Best Drug Should Be Used First
“These data show you that you should use the best drug first,” said the ESMO-invited discussant Dr. Pasi A. Jänne, Director, Lowe Center for Thoracic Oncology, Dana-Farber Cancer Center, Harvard Medical School, Boston, Massachusetts. He maintained that FLAURA has demonstrated that TKI sequencing is not an appropriate strategy.
“For many patients, the first therapy is the only shot at disease control.”
“For many patients, the first therapy is the only shot at disease control,” agreed Dr. Ramalingam. Unlike many cancer trials in which crossover commonly prevents a more active therapy from ever demonstrating an OS advantage, the FLAURA trial provides the proof that patients started on the less effective therapy do not catch up when eventually switched.
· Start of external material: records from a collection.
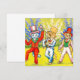 Tarjeta con la pintura animal de Louis Wain Three Cats Performing a Song and Dance Act (1860-1939). Tres gatos antropomorfados con túxdos y sombreros de primera y bailan y cantan con sus pañuelos y bastones. Un regalo maravilloso para los amantes de los gatos y el arte inglés.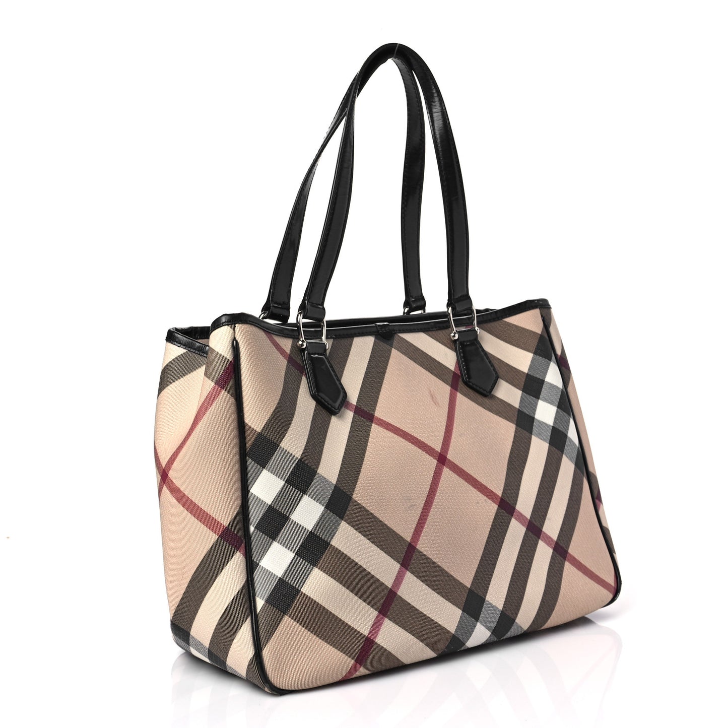 This is an authentic BURBERRY Supernova Check Tote in Black. This stylish shoulder bag is crafted of classic Supernova check coated canvas. The tote features black patent leather top handles and trims with polished dark silver hardware. The top zipper opens to a beige fabric interior with zipper and patch pockets.Follow this item for alerts. Burberry is a registered trademark of Burberry. FASHIONPHILE is not affiliated with Burberry.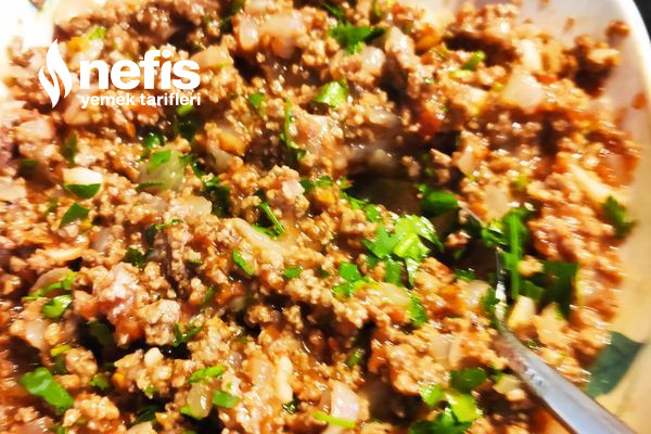 - Bu ortada soğan minicik yemeklik doğranır farklı bir tavada az yağla kavrulur kıyma ek edilir 1 adet çarliston biber ek edilir sarımsağı tuzu karabiberi atılır bir adet domates minik doğranıp ek edilir gereçler özleşene kadar 10 dakika kavrulur altı kapatılır.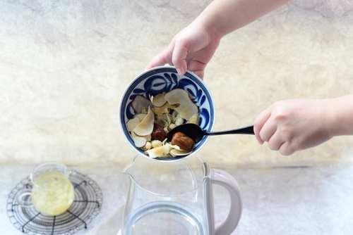 、倒入水至指示线1.5L处,选择滋补汤模式,煮好之后可以根据自己的需要加冰糖。

In addition to the higher degree of selectivity for the mutated EGFR receptor, osimertinib inhibits the EGFR T790 resistance mutation, which is a major cause of failure in earlier generation EGFR-TKIs. Activity against this mutation is a major factor in the efficacy of osimertinib after other agents fail. Furthermore, this third-generation agent, unlike earlier-generation TKIs, achieves substantial penetration of the blood brain barrier, offering efficacy against brain metastases, a common reason for disease progression in EGFR mutation-positive NSCLC. In the FLAURA trial, approximately 20% of patients had brain metastases at study entry.
OS Benefit Observed Across Subgroups
In FLAURA, the OS advantage was consistent at least numerically across all subgroups, such as those with or without an EGFR mutation at entry, those with or without brain metastases, and those with or without a history of smoking. The hazard ratio for Asians (0.995) was narrow relative to non-Asians, in whom there was a greater than 45% reduction in risk of death (HR 0.542), but survival curves favored osimertinib over earlier-generation TKIs out to 36 months.
The results of the FLAURA trial have established a new treatment standard in EGFR mutation-positive NSCLC. The study establishes that osimertinib, already recognized as the most potent TKI for this disease, should be used first. This agent not only extends survival relative to sequencing of TKIs, but it is better tolerated than earlier-generation agents. Three years after randomization, nearly 30% of osimertinib patients remain on study therapy, an unprecedented proportion in a challenging disease.